**Exercise aim**.
Please print, exactly, only the lines in the entries below from the line that has "公布辽宁民族师范高等专科学校2025年新生录取名单(广西壮族自治区正投)" through the line that has "Plynule výškově přestavitelný". Pictures don't go in.

Stored dataset items
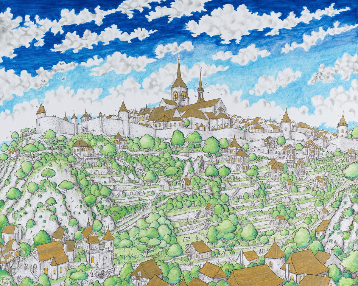 L’éperon de verdure qu’offre le Parc des Chaumes à la vue des Remparts, dans le vieil Avallon, ajoute à la plongée des jardins en terrasse* une dimension féérique, source d’inspiration pour plusieurs habitant•es, comme l’artiste-murailler* Clément Fournier.
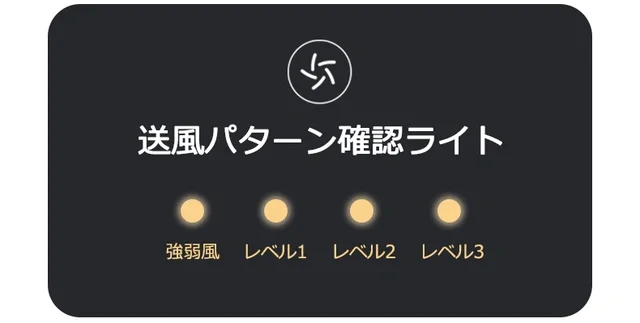 風量調節は4パターン搭載されており、(弱~強・弱・中・強)と、ボタン操作で切り替えることができます
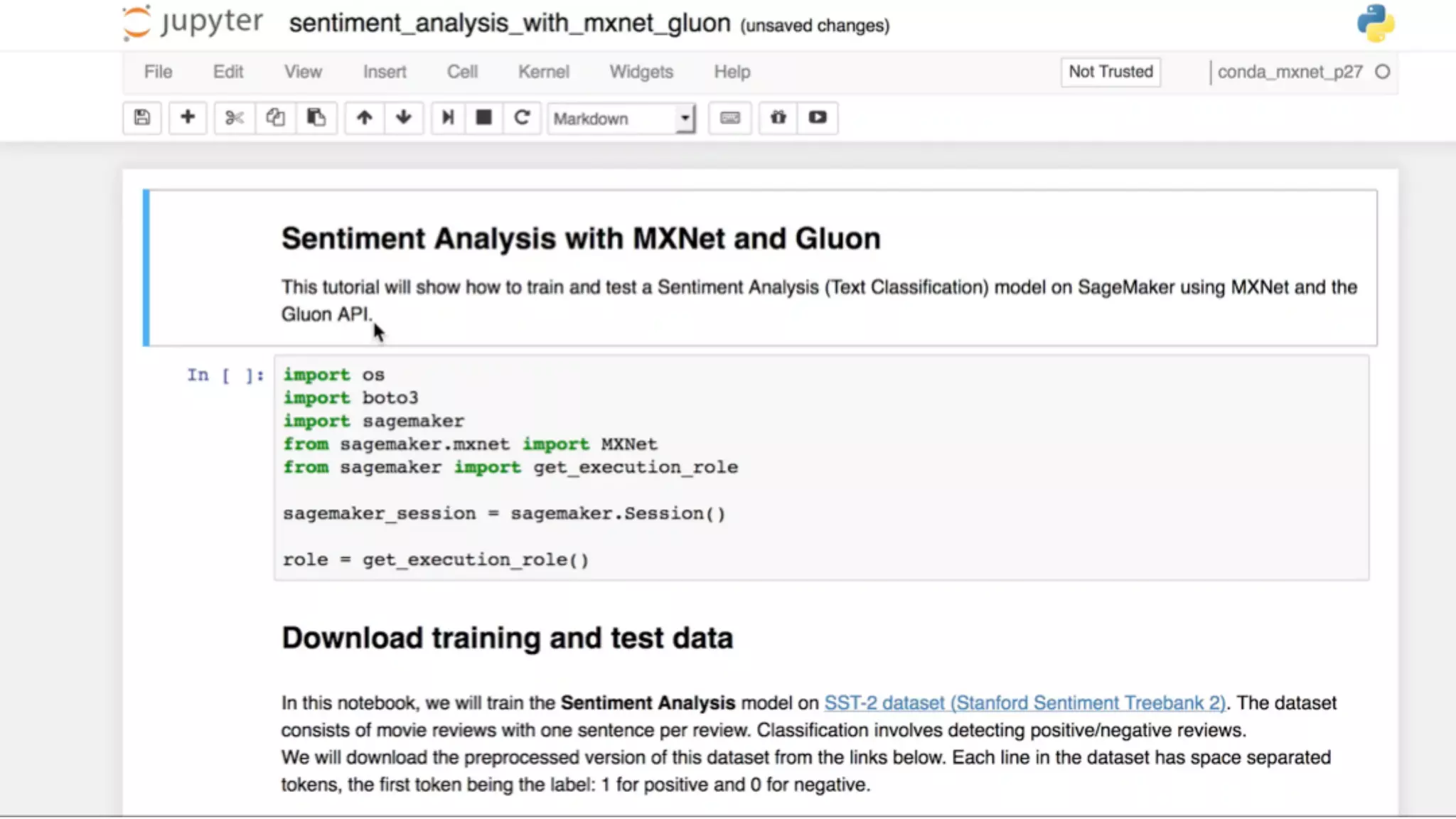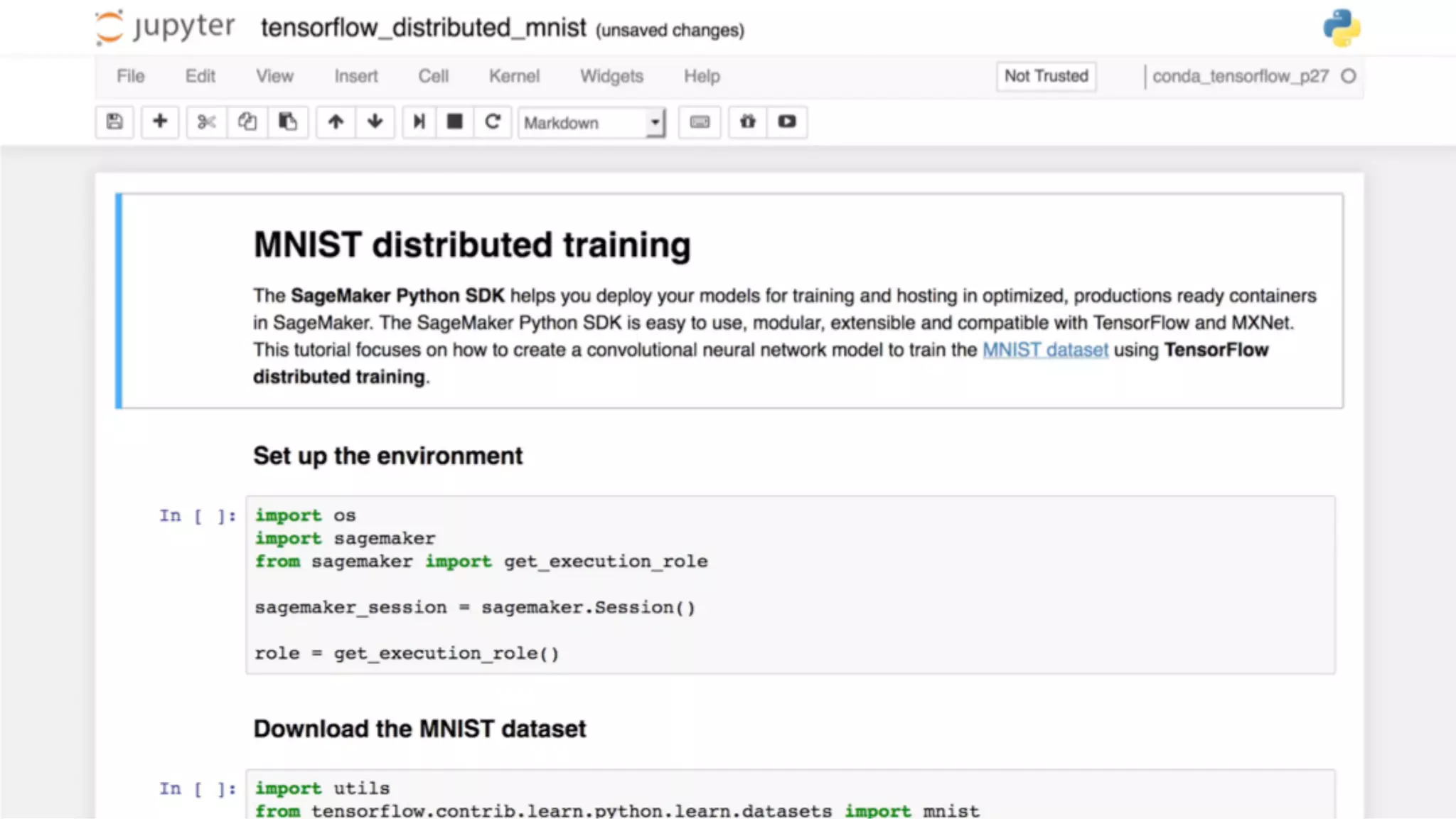 The document provides an overview of Amazon Web Services (AWS) related to deep learning, specifically detailing various machine learning frameworks, instance types, and their capabilities. It highlights the use of Amazon SageMaker for building, training, and deploying machine learning models, including code examples and the advantages of utilizing AWS for AI initiatives. Furthermore, it emphasizes collaborations and statements from industry leaders about leveraging AWS for scalable AI and machine learning solutions.
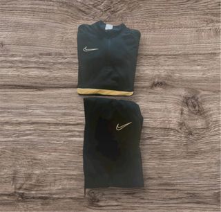 Conjunto deportivo completo de la marca Nike, en colores negro y verde. Ideal para entrenamientos o uso casual. - Chaqueta con capucha y cremallera completa. - Pantalón a juego. - Bolsillos con cremallera en la chaqueta y el pantalón.
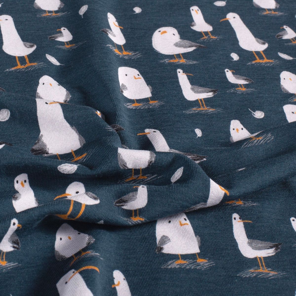 Baumwolljersey ist beliebt, weil er weich, dehnbar und hautangenehm ist. Genau diese Eigenschaften machen ihn zu einem idealen Stoff für bequeme Kleidung und viele kreative Nähideen für Groß und Klein. Durch den digitalen Druck wirkt das Möwenmotiv klar, freundlich und detailreich.
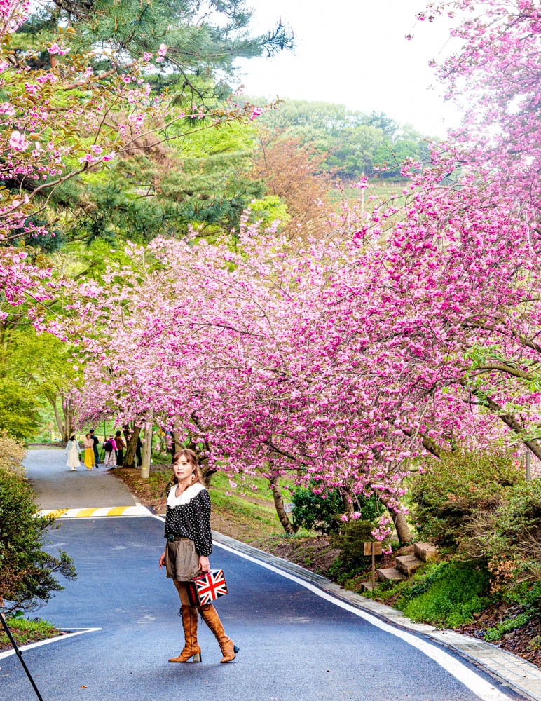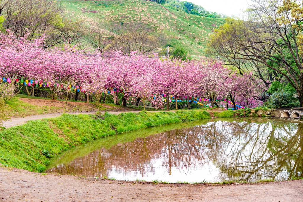 연못 건너서 연못과 입구길 겹벚꽃 풍경을 담으면 반영과 더불어 그럴싸한 풍광이 만들어진다.
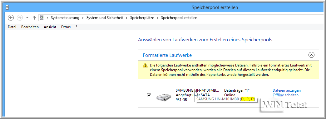 Rufen Sie dann „Neuen Pool und Speicherplatz erstellen“ auf. Es werden Ihnen alle angeschlossenen Laufwerke angezeigt, die geeignet sind. Mit „Dateien anzeigen“ können Sie sich vergewissern, welche Laufwerke es sind. In diesem Beispiel wäre es eine interne Samsung-Festplatte mit 3 Partitionen (D:, E:, F:).
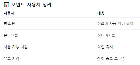 1포인트 = 1원으로 병원 진료비 결제 가능하고, 지정 쇼핑몰에서도 사용 가능해요.
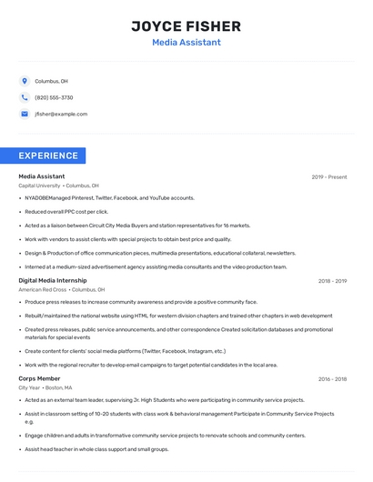 Build a professional media assistant resume in minutes. Browse through our resume examples to identify the best way to word your resume. Then choose from 5+ resume templates to create your media assistant resume.
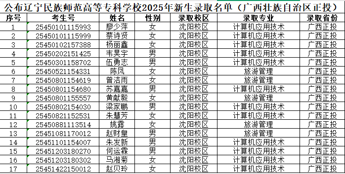 公布辽宁民族师范高等专科学校2025年新生录取名单(广西壮族自治区正投)
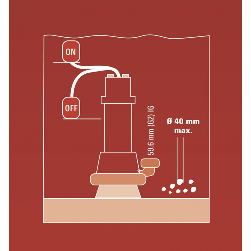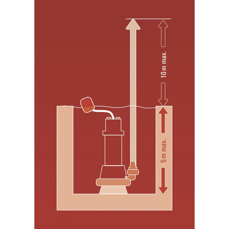 Plynule výškově přestavitelný plovákový spínač umožňuje výběr mezi trvalým provozem a předvolenou úrovní zapnutí a vypnutí.
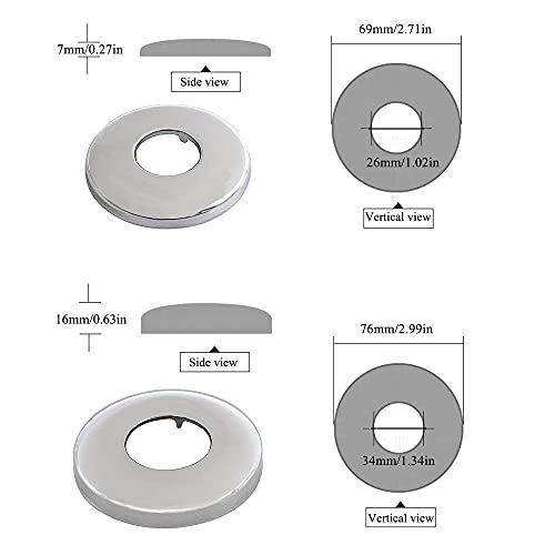 ⚙️【Buone Prestazioni】 Rosette a collare in acciaio cromato adotta il processo di cromatura, la superficie è liscia e resistente, i collari sono perfetti per coprire i tubi del miscelatore della doccia a parete e possono stabilizzare meglio il tubo dell'acqua.
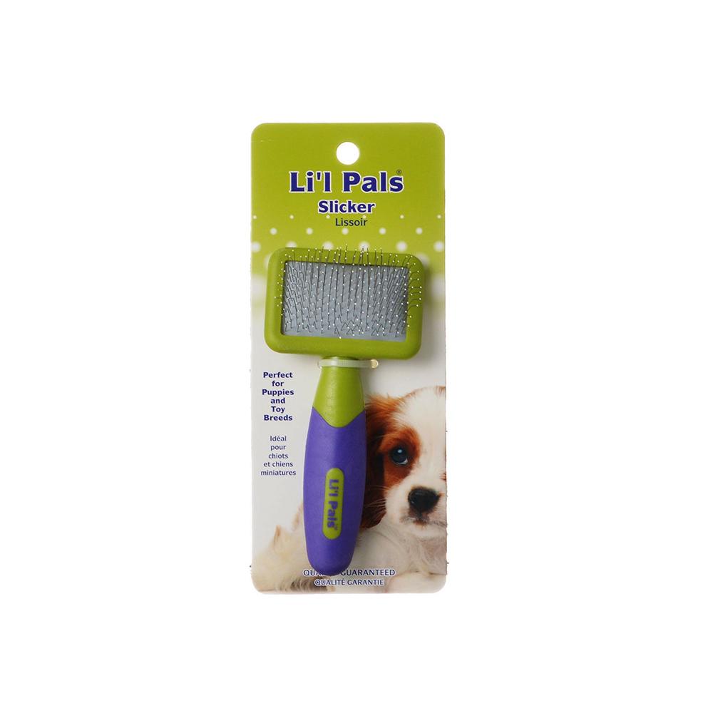 Keep your precious little girl looking fresh and clean with the Li’l Pals Coated Tips Dog Slicker Brush. Featuring a pad of flexible wire pins that contour to her body for efficient grooming, this brush quickly and easily detangles fur, removes loose hair and smooths the coat. Regular brushing also massages the skin to stimulate the production of natural oils and distributes them evenly for a shiny, healthy coat. At 4.9 inches in length, this little brush is scaled down to the perfect proportions for petite pups.
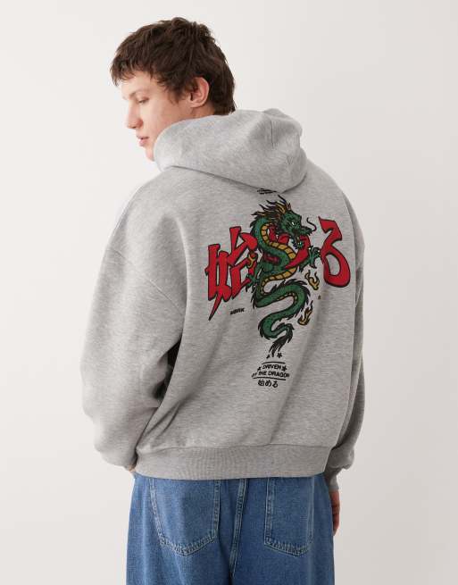 ASOS DESIGN – Kastiger Kapuzenpullover in Grau meliert mit extremer Oversize-Passform und Drachenprint
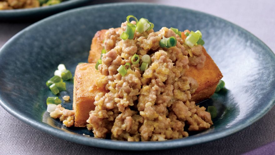 こんがり焼いた厚揚げに風味豊かな豚みそをかけた手軽な一品。豚みそはご飯や麺にのせたり、サラダにトッピングしても。
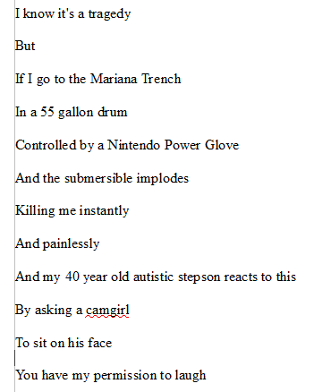 With an Ego Death in my recent memory – the Understanding of the Level of Betrayal of Women in society and especially my mothers and all those I knew and believed either had a personal reason to want Good for me, or where Professionally and-or Morally Obligated, and only the realization that such was Standard evil against the male – coordinated Horror – that prevented me from lumping my Fathers and many many other men who I know and Knew would have explained and Helped me because unlike most Mind-Broken Rationality-destroyed pro-baby-murders and supporters (and other insanities) that Harmed them into an in ability to Love anymore – in general – Men still generally have that Grace, and will and do exercise it often., ..

**Solution below**.
 公布辽宁民族师范高等专科学校2025年新生录取名单(广西壮族自治区正投)
 Plynule výškově přestavitelný plovákový spínač umožňuje výběr mezi trvalým provozem a předvolenou úrovní zapnutí a vypnutí.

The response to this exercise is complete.